If there is any group that really needs to understand the concept of natural rights, it is professors of constitutional law. The document they purport to teach was written by a generation who uniformly believed in natural rights, used the concept to justify a violent revolution from their mother country, and professed their continued commitment to natural rights long after the separation—a commitment that only intensified in the years leading up to the Civil War and the adoption of the Fourteenth Amendment. Natural rights are enshrined in the text of the Constitution in at least two places. First, there is the Ninth Amendment which reads: "The enumeration in the Constitution of certain rights shall not be construed to deny or disparage others retained by the people." Upon the evidence there can be no doubt that the rights "retained by the people" are natural liberty rights. The Fourteenth Amendment reads, in part: "No state shall make or enforce any law which shall abridge the privileges or immunities of citizens of the United States. . . ." The great weight of the historical evidence supports the conclusion that, in addition to certain positive rights of U.S. citizenship included in the Bill of Rights and other laws, "privileges or immunities" refers to natural retained liberty rights.

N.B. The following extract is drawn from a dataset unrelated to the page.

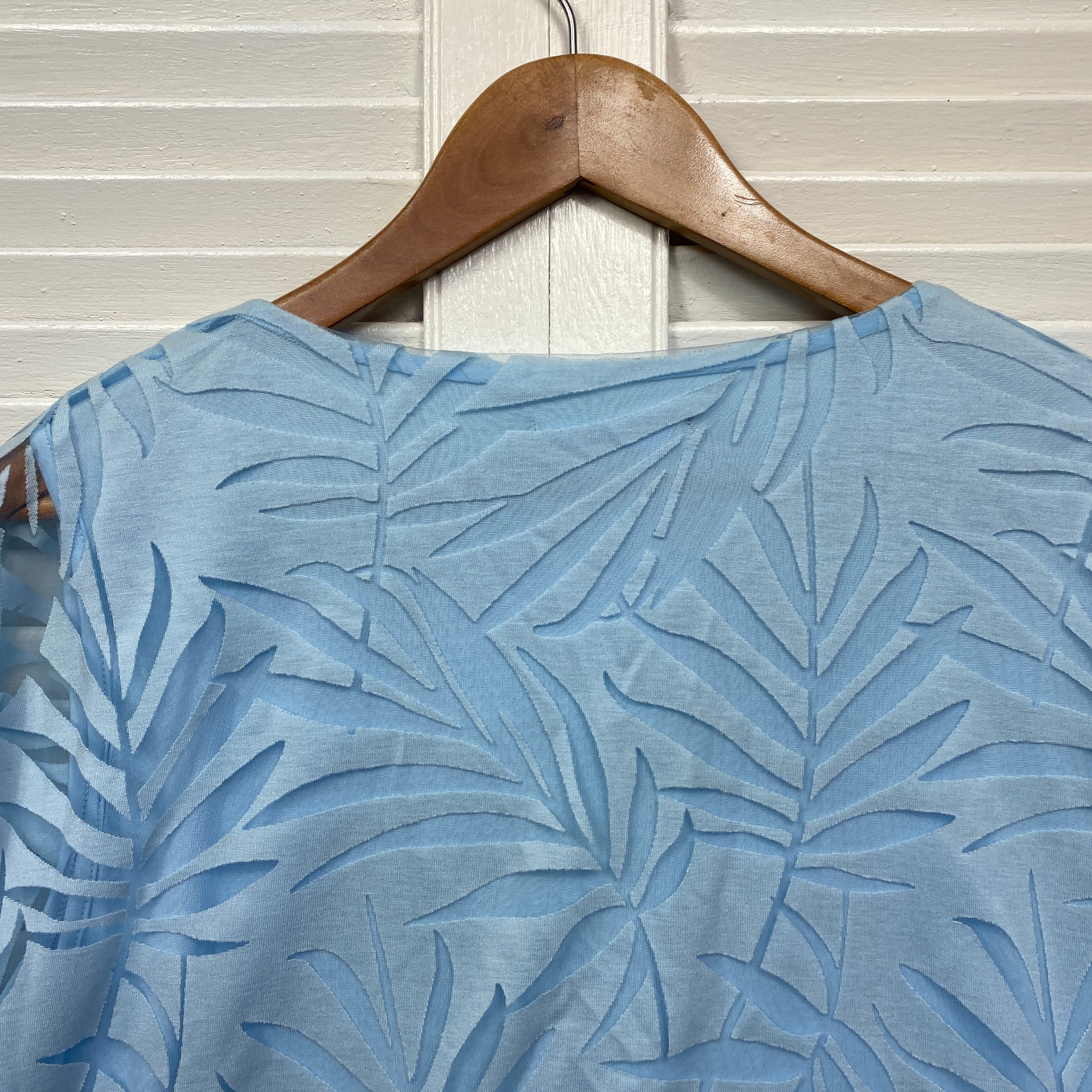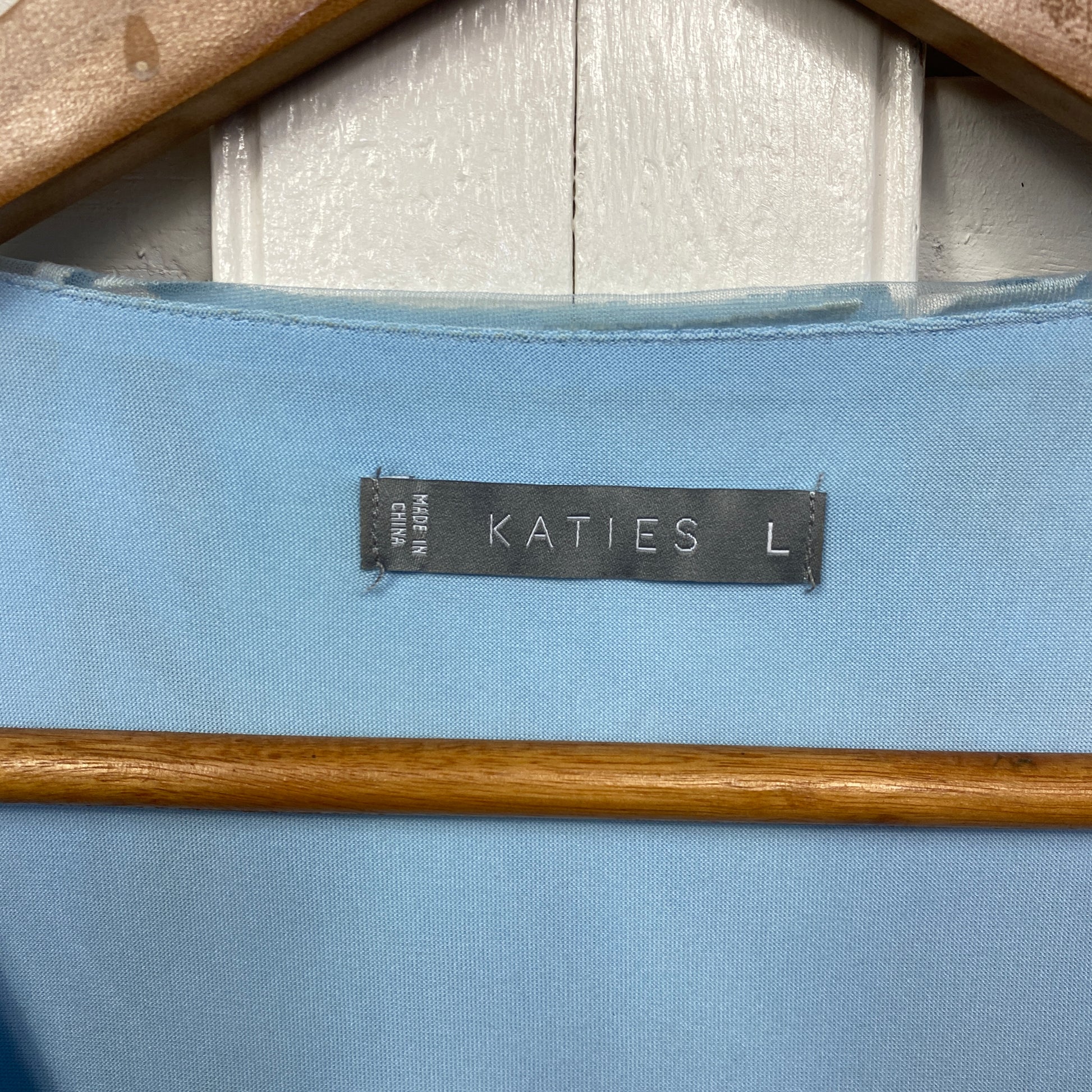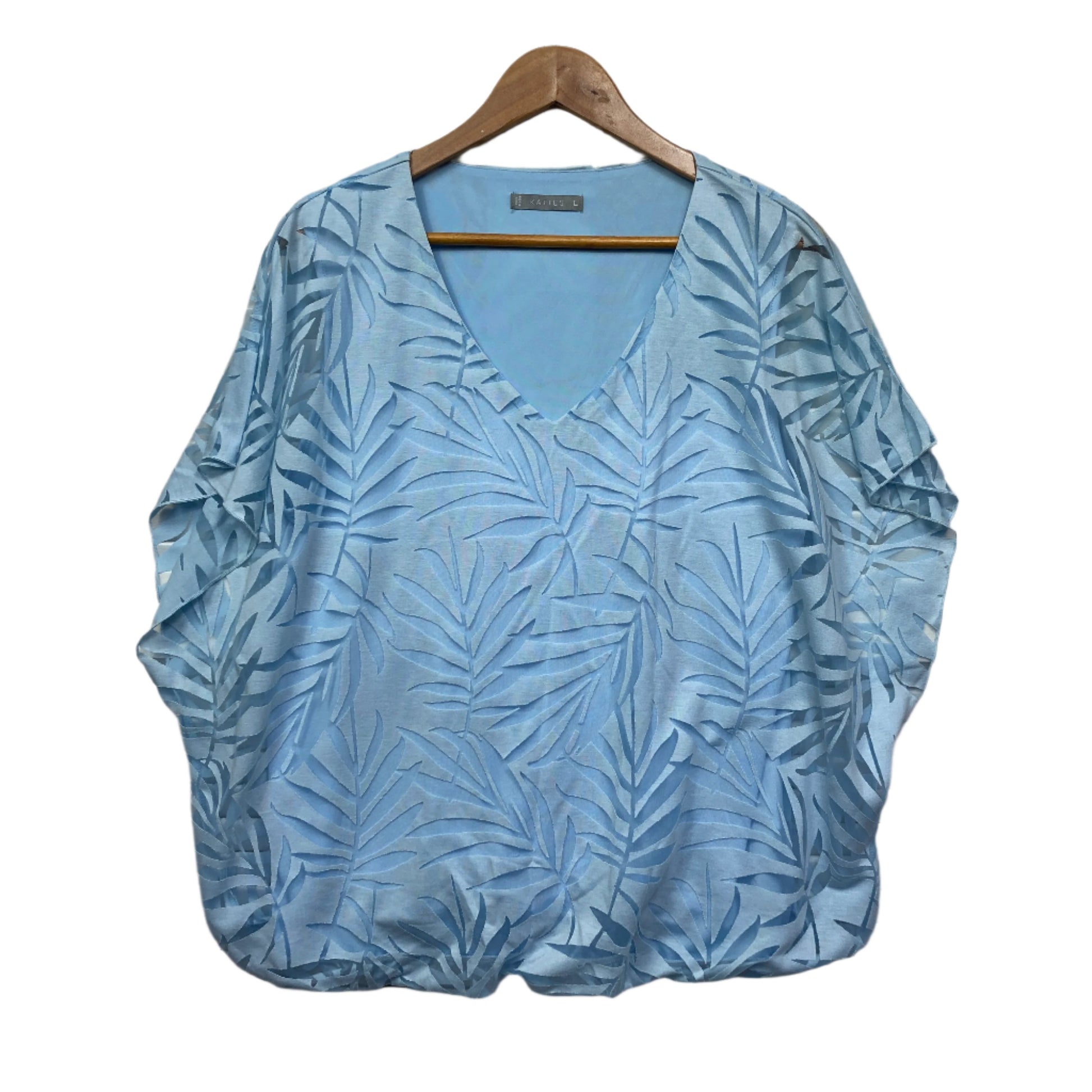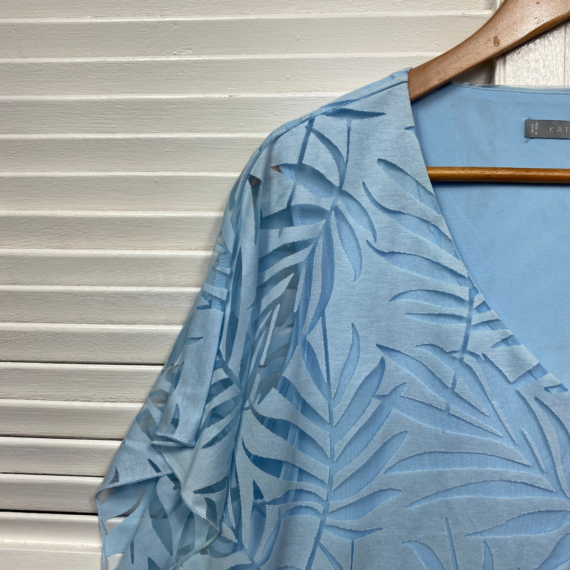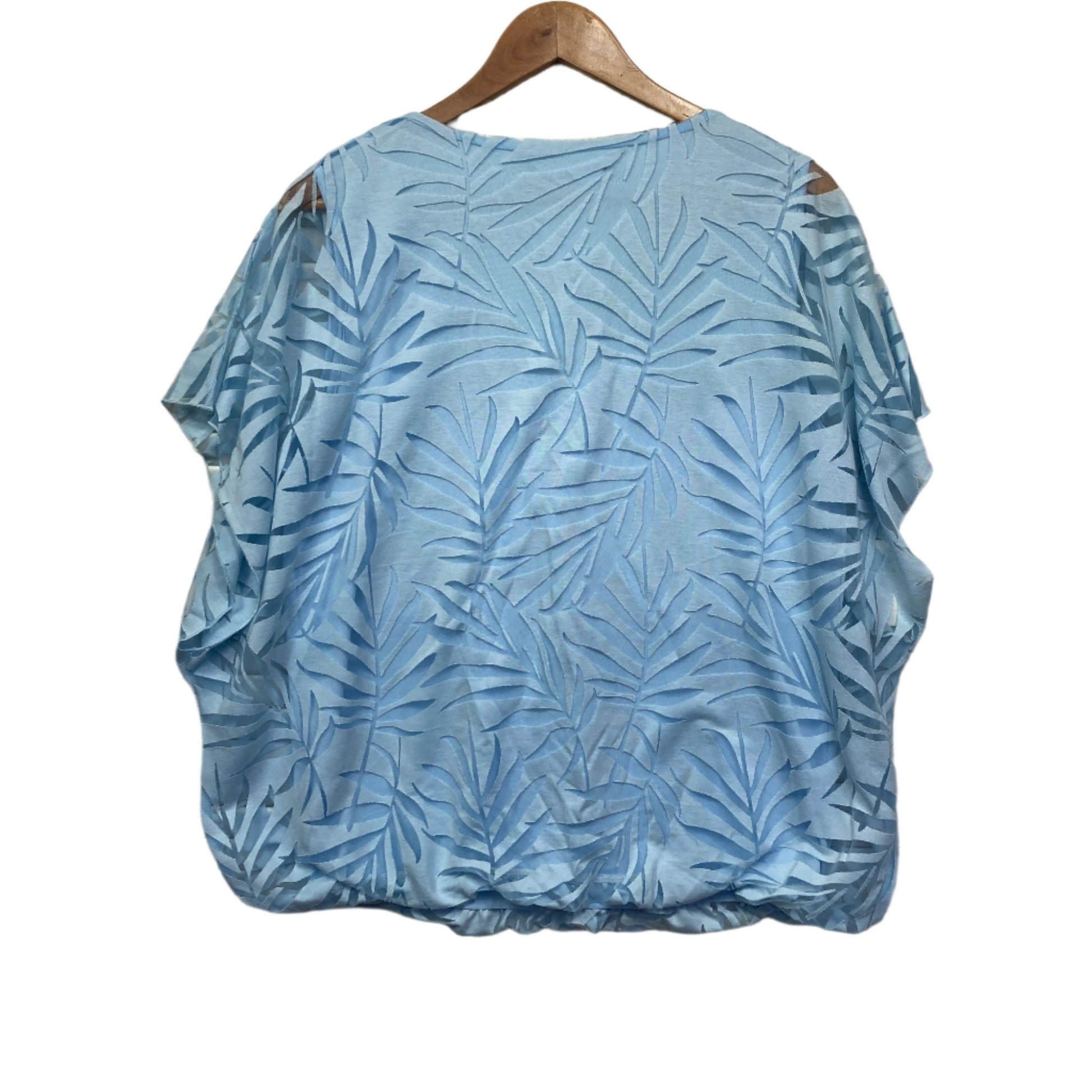 Katies Top Size 14 Large Blue Sheer Overlay Short Sleeve

Yet few constitutional law professors know much, if anything, about this fundamental concept even as a historical matter, much less as a concept worthy of continued application in today's world. The prime evidence of their lack of knowledge is the fact that they use the terms "natural rights" and "natural law" interchangeably despite the historical and theoretical distinctness of these terms. For one thing, natural law is a much older notion than natural rights, but I will not dwell here on the intellectual history of these concepts. Nor will I attempt to do justice to the multiple variations on these concepts among philosophers. Instead, I will provide what I hope will be viewed as a readily accessible explication of these concepts that has as much practical application today as it did in the days of John Locke or James Madison. Although this is decidedly my take on natural law and natural rights, I think it is true to the heart of the concept and can be used to make sense of historical materials that are otherwise inexplicable to modern constitutional scholars. And this vision of natural rights is as important today as it was in 1776 or 1868.

Let me begin by stressing what natural law and natural rights share in common: a basic methodology. Both natural law and natural rights are what may be called normative disciplines, by which I mean intellectual constructs used to assess how human beings ought to act in pursuit of their objectives. Both employ a "given-if-then" analysis of the following sort: Given the nature of X, if you want to achieve Y, then you ought to do Z. Modern philosophers know this form of reasoning as a hypothetical [End Page 1] [Begin Page 4] imperative. While their method relies upon the nature both of human beings and of the world—a knowledge of which is informed by physical and other empirical sciences—natural law and natural rights theorists use this "value free" information in the service of human aspirations and goals, thereby combining (though not collapsing) the "is" with an "ought." (Though many versions of natural law theory also locate the goal or Y in the nature or end of human beings, the account presented here takes no stance on this further teleological claim.)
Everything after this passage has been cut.